Thanks for the prompt responses. :+1:
I wrapped up my migration in a Rake task that expect to be given old Redis URL, new Redis URL, and a switch for dry run / actual run. My setup involves sidekiq-unique-jobs so I had to be careful with that. Also, deleting all Sidekiq data off the older instance wasn't required.
namespace :sidekiq do
desc 'Migrate Sidekiq jobs to another Redis instance'
task migrate: :environment do
start_time = Time.now.to_f
actual_run = (ENV['ACTUAL_RUN'].to_s.downcase == 'true')
old_redis = Redis.new(url: ENV.fetch('SIDEKIQ_OLD_REDIS_URL'))
Sidekiq.configure_client { |c| c.redis = { url: ENV.fetch('SIDEKIQ_NEW_REDIS_URL') } }
move_job = proc do |job_json, counter, options|
job_hash = JSON.parse(job_json)
options = job_hash.slice('args', 'class', 'queue')
options['at'] = options[:run_at] if options[:run_at]
Sidekiq::Client.push(options) if actual_run
counter[options['class']] += 1
end
%w[retry schedule].each do |set_type|
moved_jobs_counter = Hash.new(0)
set_jobs = old_redis.zrange(set_type, 0, -1, with_scores: true)
set_jobs.each do |job_json, run_at|
move_job.call(job_json, moved_jobs_counter, run_at: run_at)

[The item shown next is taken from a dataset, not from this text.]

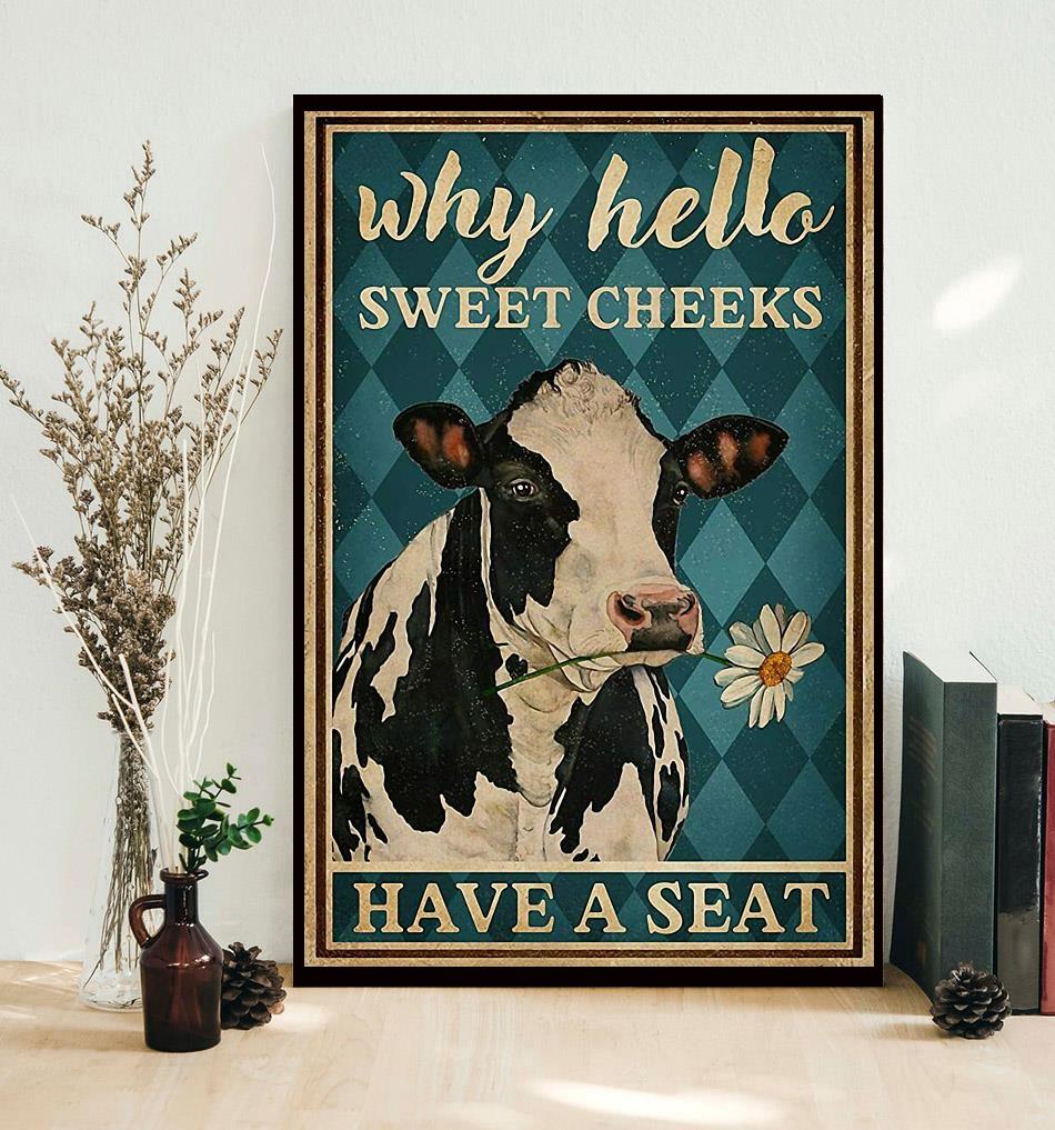 Cow Why Hello Sweet Cheeks Have A Seat Poster Canvas Decor

old_redis.zrem(set_type, job_json) if actual_run
end
Rails.logger.info "JobSet [#{set_type}] moved:"
moved_jobs_counter.each { |k, c| Rails.logger.info " #{k} => #{c}" }
Rails.logger.info "JobSet [#{set_type}] remaining jobs: #{old_redis.zrange(set_type, 0, -1).size}"
end
old_redis.smembers('queues').each do |q|
moved_jobs_counter = Hash.new(0)
rqn = "queue:#{q}"
old_redis.llen(rqn).times do
job_json = old_redis.rpop(rqn)
move_job.call(job_json, moved_jobs_counter)

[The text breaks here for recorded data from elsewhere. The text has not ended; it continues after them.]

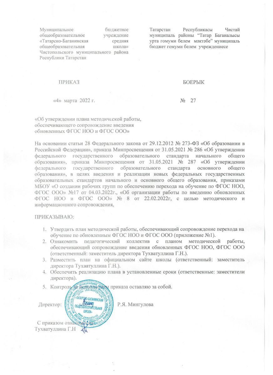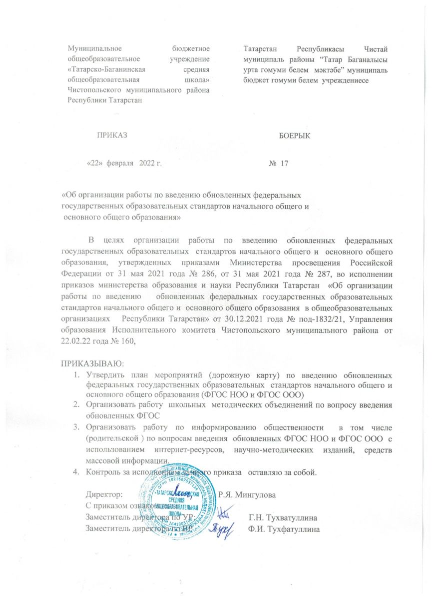 Приказ "Об организации работы по введению обновленных ФГОС НОО и ФГОС ООО"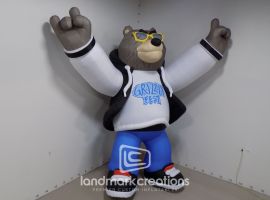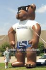 New and used car dealership, Buchanan Auto Park, strives to attract attention and increase sales during special promotions by inflating their giant bear mascot, complete with sunglasses!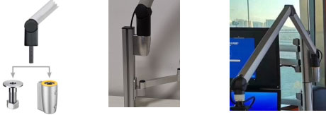组合将是一个全新的创新,随着当前视频/网络直播的兴起,直播系统需要更多的支架,如:灯光支架、手机平台支架、显示器支架等等,如何管理安装好这些支架,已是广播工程人员头疼的事,我们的组合支架由此应用而生,可以将话筒架,显示器架,灯光架,手机架全部集成与一个支架中。
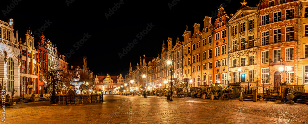 Naklejka Architektura - Długa w Gdańsku nocą #1321993044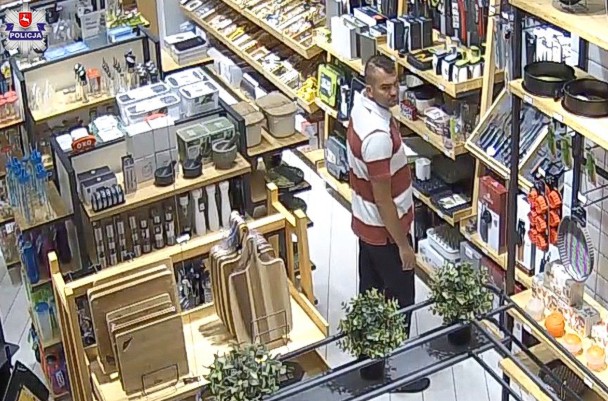Z zawiadomienia złożonego przez właściciela sklepów w galerii przy al. Unii Lubelskiej w Lublinie, wynika że na ich teren wszedł mężczyzna, ubrany w koszulkę z krótkim rękawem w poziome biało – czerwone paski i ciemne spodnie, a w ręku trzymał reklamówkę. W pierwszym sklepie wykorzystał chwilę nieuwagi jego pracowników i schował do przyniesionej ze sobą torebki komplet noży, a następnie opuścił sklep nie płacąc za towar. Chwilę później w drugim sklepie to samo zrobił z kompletem pościeli. Właścicielka sklepu oszacowała straty na kwotę ponad 500 zł. Policjanci zabezpieczyli sklepowy monitoring, który zarejestrował całe zdarzenie oraz wizerunek sprawcy.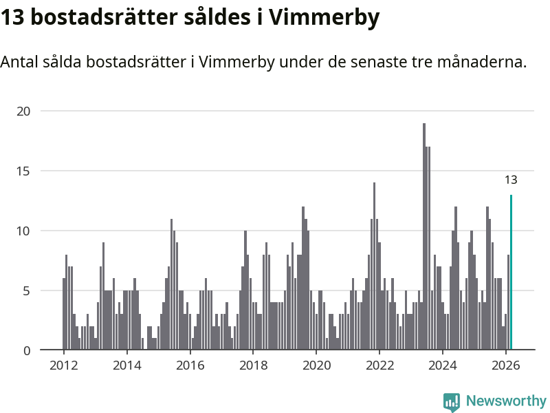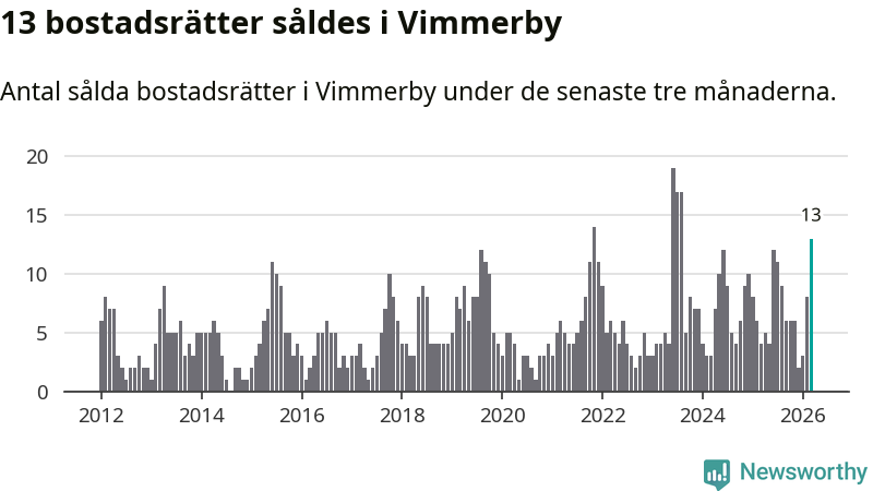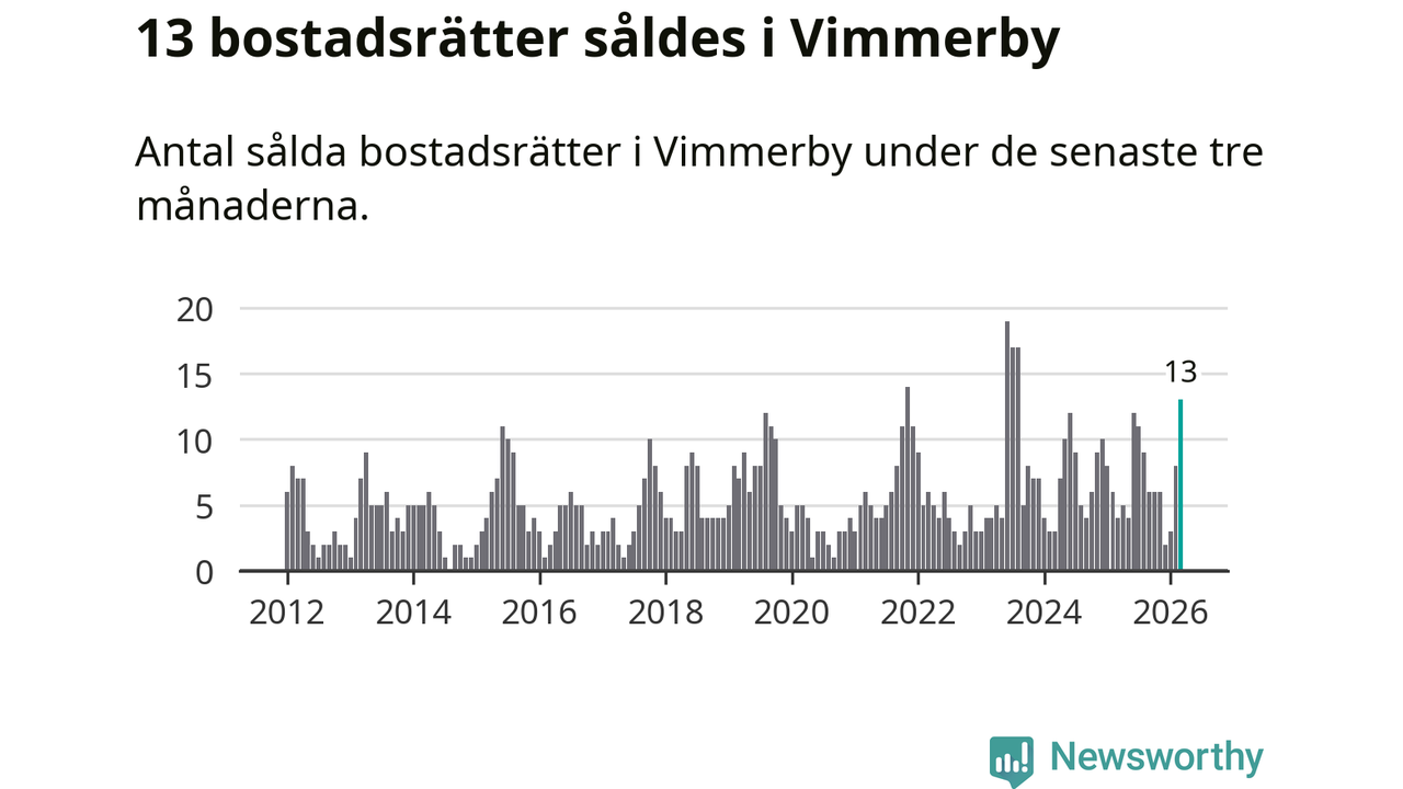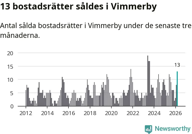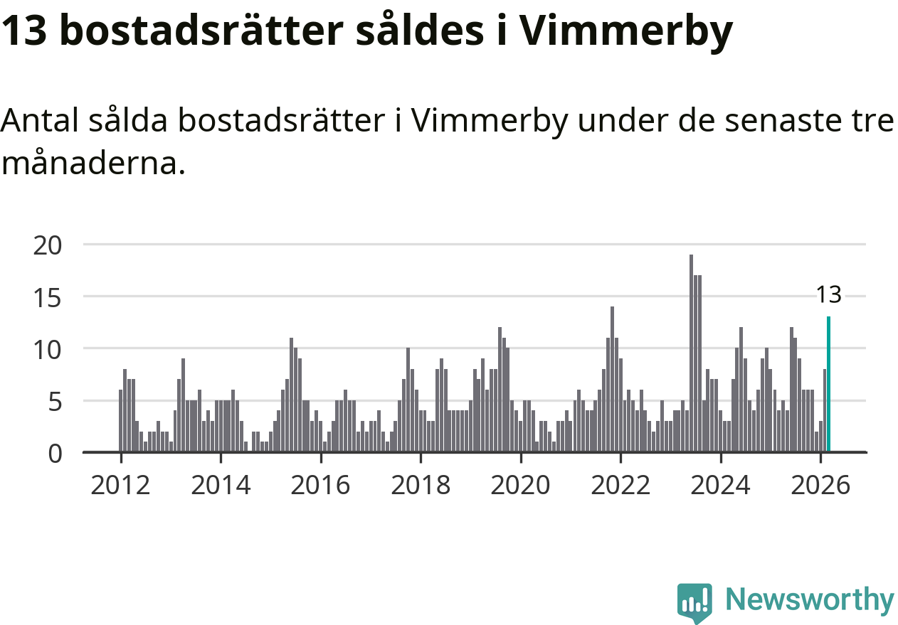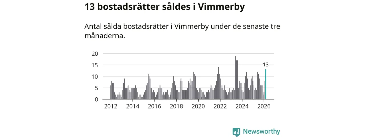 Mellan januari och mars gjordes sammanlagt 13 affärer med bostadsrätter i Vimmerby kommun. Det kan jämföras med fyra vid motsvarande tid i fjol.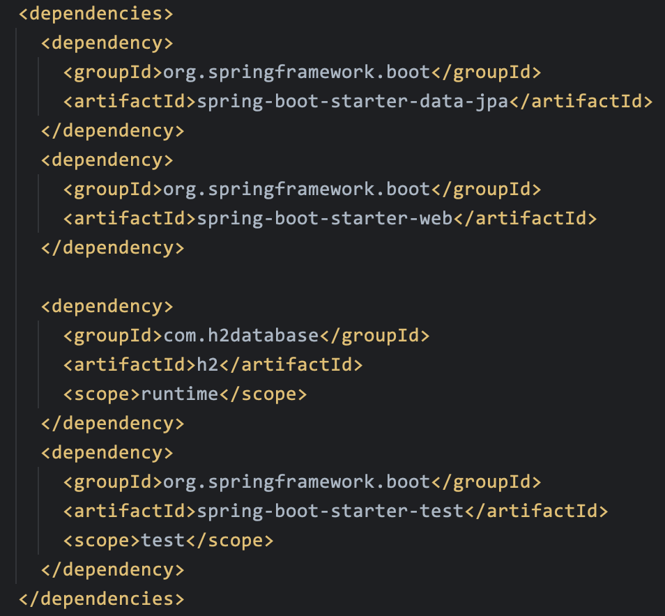 - 프로젝트에서 필요한 의존성들을 작성하는 블록입니다.

old_redis.lpush(rqn, job_json) unless actual_run
end
Rails.logger.info "Queue [#{q}] moved:"
moved_jobs_counter.each { |k, c| Rails.logger.info " #{k} => #{c}" }
Rails.logger.info "Queue [#{q}] remaining_jobs: #{old_redis.llen(rqn)}"
end
time_taken_ms = (1000 * (Time.now.to_f - start_time)).ceil
Rails.logger.info "Completed migration in #{time_taken_ms} milliseconds."
end
end
Something like this might work:
require 'sidekiq/api'
"redis-cli -h srchost MIGRATE desthost port \"\" 0 10000 COPY KEYS schedule retry dead #{Sidekiq::Queue.all.map(&:name).join(" ")}"
This will copy those keys and their contents from srchost to the desthost. See https://redis.io/commands/migrate for notes.
Thanks, @mperham. That will work as expected when:
Googling it, I see that there might be a workaround for the first. But we _needed_ the second. For a migration of a simpler setup than ours, I think that command would work perfectly.